(Beginning of EXERCISE DATA)

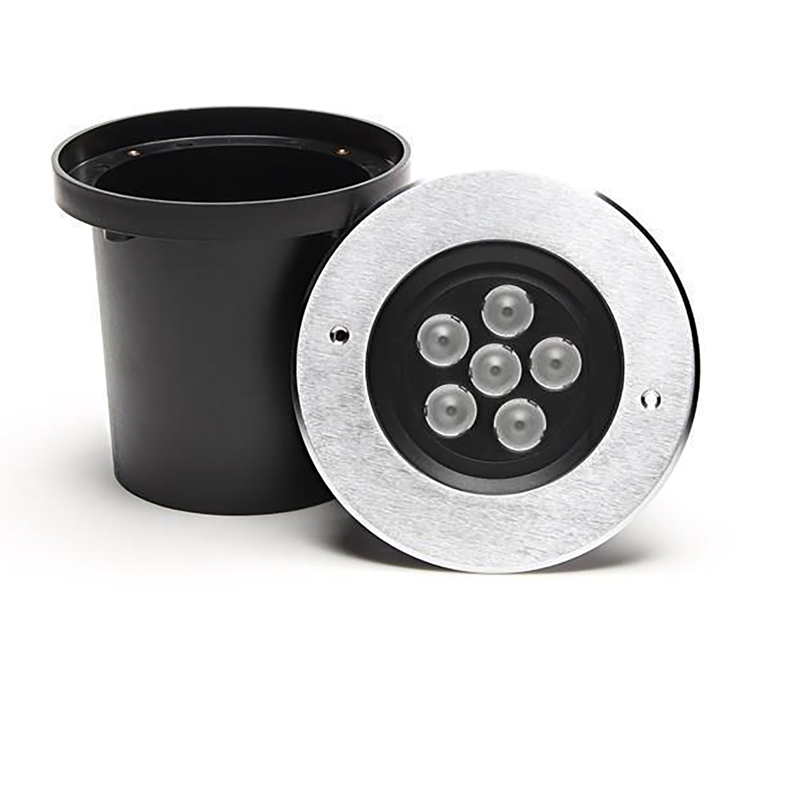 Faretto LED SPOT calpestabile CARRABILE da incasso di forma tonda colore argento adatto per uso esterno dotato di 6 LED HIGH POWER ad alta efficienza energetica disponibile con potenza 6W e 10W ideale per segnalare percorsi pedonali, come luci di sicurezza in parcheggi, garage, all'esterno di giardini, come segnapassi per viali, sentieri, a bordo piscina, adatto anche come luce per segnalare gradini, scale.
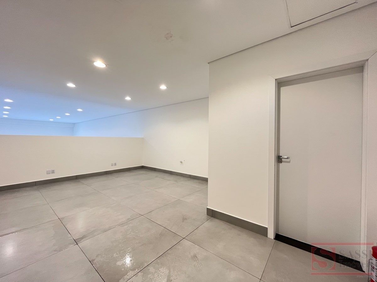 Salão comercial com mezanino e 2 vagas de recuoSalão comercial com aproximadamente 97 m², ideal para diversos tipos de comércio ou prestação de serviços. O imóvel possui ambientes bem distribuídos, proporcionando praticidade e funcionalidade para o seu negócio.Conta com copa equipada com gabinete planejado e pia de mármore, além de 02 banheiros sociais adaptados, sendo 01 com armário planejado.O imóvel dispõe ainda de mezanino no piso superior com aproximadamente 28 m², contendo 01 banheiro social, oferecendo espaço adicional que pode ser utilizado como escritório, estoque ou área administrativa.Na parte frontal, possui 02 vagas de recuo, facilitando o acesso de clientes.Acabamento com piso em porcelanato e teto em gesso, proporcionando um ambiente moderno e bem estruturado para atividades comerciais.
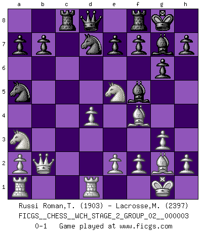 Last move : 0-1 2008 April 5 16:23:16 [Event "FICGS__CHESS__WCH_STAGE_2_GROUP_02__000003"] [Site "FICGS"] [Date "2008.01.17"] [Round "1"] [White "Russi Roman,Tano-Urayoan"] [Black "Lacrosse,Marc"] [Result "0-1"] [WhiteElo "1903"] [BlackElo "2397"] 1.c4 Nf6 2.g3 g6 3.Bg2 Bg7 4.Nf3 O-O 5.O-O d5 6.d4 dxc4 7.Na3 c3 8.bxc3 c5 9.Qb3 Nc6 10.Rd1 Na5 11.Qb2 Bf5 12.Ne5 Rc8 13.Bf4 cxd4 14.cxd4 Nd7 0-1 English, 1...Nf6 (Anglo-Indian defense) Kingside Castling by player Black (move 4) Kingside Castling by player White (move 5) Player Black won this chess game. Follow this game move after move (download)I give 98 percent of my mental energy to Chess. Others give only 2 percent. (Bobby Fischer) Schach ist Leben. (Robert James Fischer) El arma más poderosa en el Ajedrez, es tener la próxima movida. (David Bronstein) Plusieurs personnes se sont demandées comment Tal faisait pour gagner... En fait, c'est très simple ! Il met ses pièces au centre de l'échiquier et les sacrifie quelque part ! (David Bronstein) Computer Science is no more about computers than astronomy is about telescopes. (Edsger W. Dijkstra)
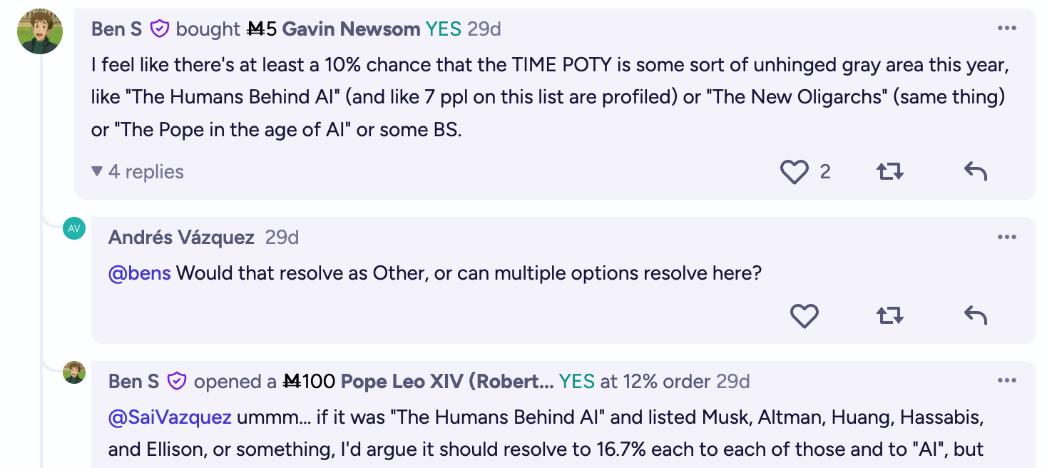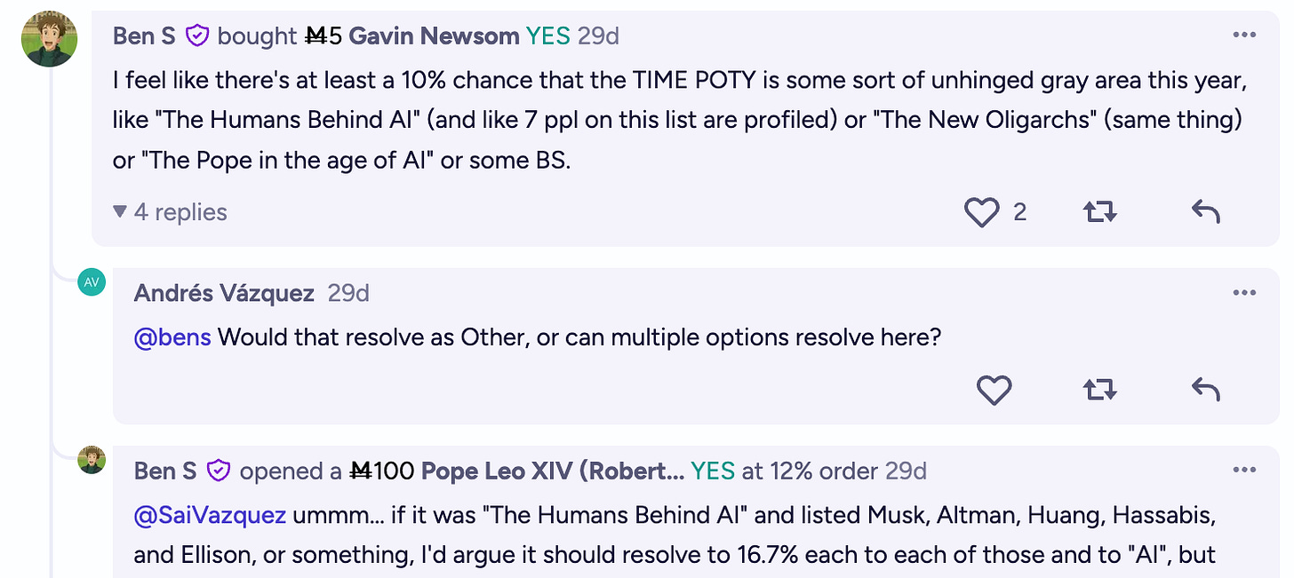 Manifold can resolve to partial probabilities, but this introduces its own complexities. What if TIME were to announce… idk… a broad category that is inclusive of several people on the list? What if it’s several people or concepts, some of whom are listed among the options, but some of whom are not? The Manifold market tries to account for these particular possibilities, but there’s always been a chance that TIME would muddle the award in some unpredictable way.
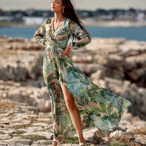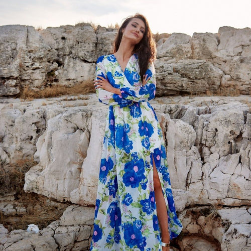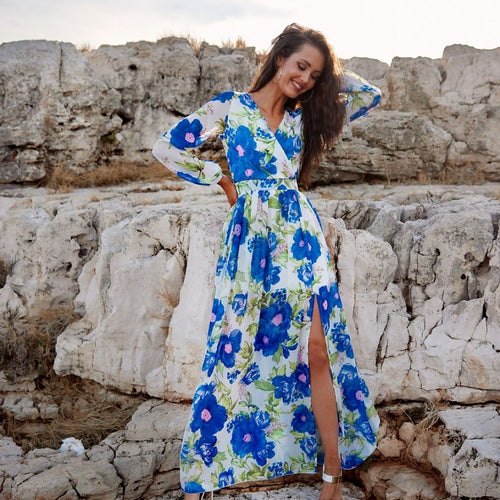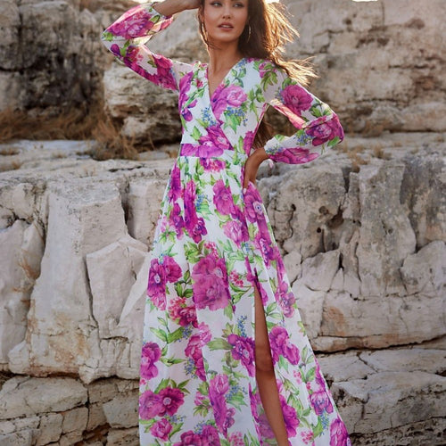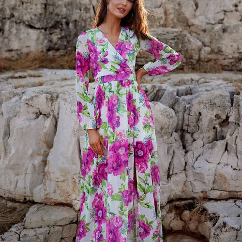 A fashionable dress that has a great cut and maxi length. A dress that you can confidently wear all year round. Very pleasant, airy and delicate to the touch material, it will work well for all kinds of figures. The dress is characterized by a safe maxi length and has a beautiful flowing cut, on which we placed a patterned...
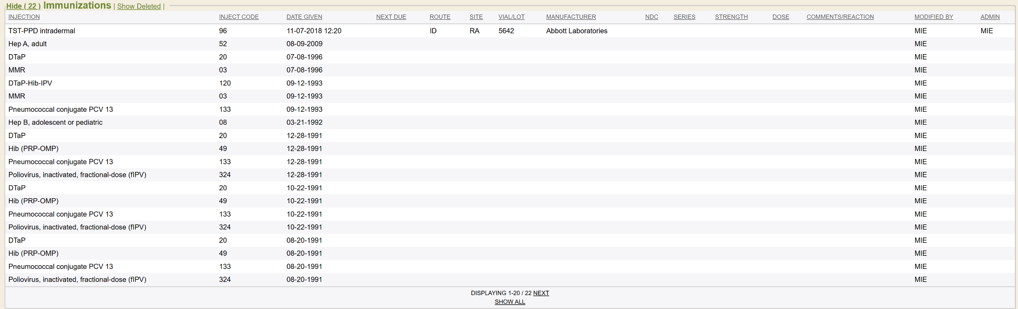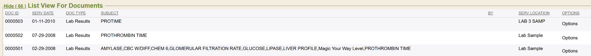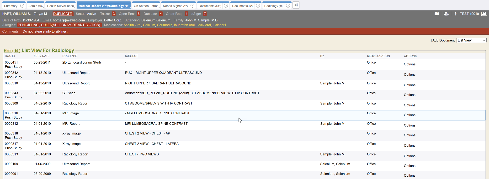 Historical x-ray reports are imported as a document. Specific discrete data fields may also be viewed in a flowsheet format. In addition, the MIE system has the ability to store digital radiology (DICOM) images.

(End of EXERCISE DATA)

- REQUIRED WORK
Those lines of the records above that run from the one containing "Manifold can resolve" through the one containing "A fashionable dress" should be returned exactly, with no pictures among them.

- RESPONSE
 Manifold can resolve to partial probabilities, but this introduces its own complexities. What if TIME were to announce… idk… a broad category that is inclusive of several people on the list? What if it’s several people or concepts, some of whom are listed among the options, but some of whom are not? The Manifold market tries to account for these particular possibilities, but there’s always been a chance that TIME would muddle the award in some unpredictable way.
 A fashionable dress that has a great cut and maxi length. A dress that you can confidently wear all year round. Very pleasant, airy and delicate to the touch material, it will work well for all kinds of figures. The dress is characterized by a safe maxi length and has a beautiful flowing cut, on which we placed a patterned...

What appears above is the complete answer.